Well. It just so happened that finding first-class Korean food was at the very top of our list. (SoCal is supposed to have some of the best in the world, so we hoped a bit would have migrated upstate.) And we were not steered wrong. Thank you, neighbor!
We didn’t even make it to my brother’s house before following through on our precious recommendation. The intent had been to find a place in Oakland to eat dinner before heading down to Sunnyvale, but there was an outpost of Jang Su Jang in Milpitas, right on our way to my brother’s house. It was fate.
We arrived at a strip mall full of intriguing Asian restaurants – a tofu house, a Vietnamese sandwich shop, a Malaysian place – almost all of which we would have liked to visit. While Arne found a place to park the car, I made my way through the knots of people waiting outside and put my name on the list. The hostess asked me if we needed a grill table and I said no, a regular table would be fine.

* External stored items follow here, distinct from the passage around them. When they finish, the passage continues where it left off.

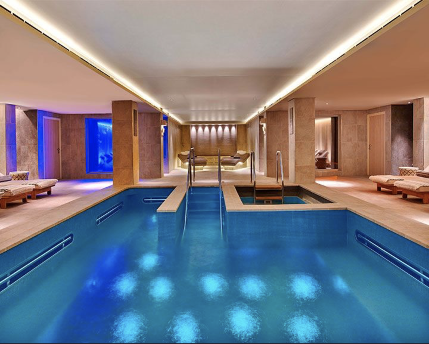 This main area also includes a steam room, snow grotto (basically a closet with a bench and snow), and two showers: the ‘experience shower’ where you get a rain head and multiple other shower heads hitting you from all sides and a bucket shower, which you’re supposed to do after the steam room. You step into the shower while you’re still steamy, pull the lever, and a bucket of ice cold water pours onto you.
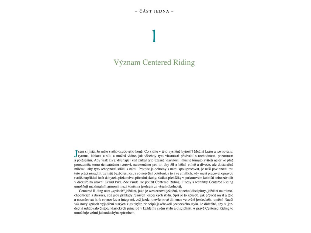 Centered Riding není jen jezdecký styl, jako například drezura, honební nebo westernové ježdění. Je to spíš způsob reedukace mysli a těla jezdce, aby dosáhl větší rovnováhy a mohl tak lépe komunikovat se svým koněm. Zakladatelka Sally Swift vyvolala revoluci v ježdění na koni tím, že ukázala, jak jezdec díky dobrému používání svého těla změní své působení na koně ze sedla.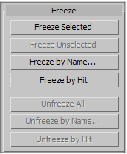 4. Раскройте пятый раздел командной панели — Display (Отображение). Здесь в свитке Freeze (Заморозка) собран полный набор опций заморозки (рис. 1.94). Помимо уже перечисленных, это: Freeze Unselected (Заморозить невыделенное) , Freeze by Name (Заморозить по имени) , Freeze by Hit (Заморозить щелчком) , Unfreeze by Name (Разморозить по имени) , Unfreeze by Hit (Разморозить щелч-ком). Эти опции действуют так же, как аналогичные опции скрытия.

The glorious smell of Korean grilled meats made our 20-some-minute wait a bit of a torment, but the clear popularity of the place made us sure we had made the right decision. Finally our coaster buzzed and we hustled inside. The restaurant was huge and slightly dark, broken up by partitions and full of deep, comfy booths. The table across the aisle from ours, like many in the room, had a grill in the middle and a big metal vent hood above. Our table was just a table.
We settled in and looked over the illustrated menu. I ordered beef soup with hand-cut noodles and Arne ordered pork and kimchi stew. We received small glasses of water and watched waitresses walk by with trays covered with little plates of banchan – Korean side dishes. At the Korean BBQ House in Albuquerque, it used to be that bibimbap did not come with side dishes, and we hoped we hadn’t erred and picked a meal that wouldn’t earn us our beloved banchan.

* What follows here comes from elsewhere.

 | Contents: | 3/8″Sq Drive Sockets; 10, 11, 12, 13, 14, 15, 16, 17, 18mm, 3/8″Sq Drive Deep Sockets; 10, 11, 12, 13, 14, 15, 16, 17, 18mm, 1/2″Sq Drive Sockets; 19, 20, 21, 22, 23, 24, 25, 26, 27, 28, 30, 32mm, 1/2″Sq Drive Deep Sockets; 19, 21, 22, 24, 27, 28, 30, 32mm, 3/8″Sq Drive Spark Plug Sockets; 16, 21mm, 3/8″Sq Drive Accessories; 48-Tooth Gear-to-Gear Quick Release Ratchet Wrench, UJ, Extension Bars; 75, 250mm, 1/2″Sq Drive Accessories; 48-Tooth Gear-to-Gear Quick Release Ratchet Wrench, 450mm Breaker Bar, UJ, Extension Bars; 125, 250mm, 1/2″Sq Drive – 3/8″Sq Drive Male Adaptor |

We need not have worried. In a few minutes our side dishes arrived, eight small square plates each holding a different little delicacy. There were a couple of kinds of kimchi; sweet clear noodles; lightly seasoned bean sprouts; vegetables in a creamy mayonnaise sauce; one dish full of nothing but tiny, slightly sweet fish; and something I couldn’t identify, a crunchy vegetable marinated in a light sauce. That one was my favorite.
We barely had time to taste all the banchan before our entrees came out. Mine was delicious, spicy and rich with nice chewy noodles and shredded beef. Arne won though. His pork-and-kimchi stew came out in a heated dolsot, or stone pot – the same kind that dolsot bimbimbap is served in – so it was boiling hot. The flavor was incredible: spicy without being overpowering, rich with pork and graced with the special complexity of cooked kimchi, its rough and funky edges filed away to leave pure yum. The enoki mushrooms and lovely soft tofu didn’t hurt anything either.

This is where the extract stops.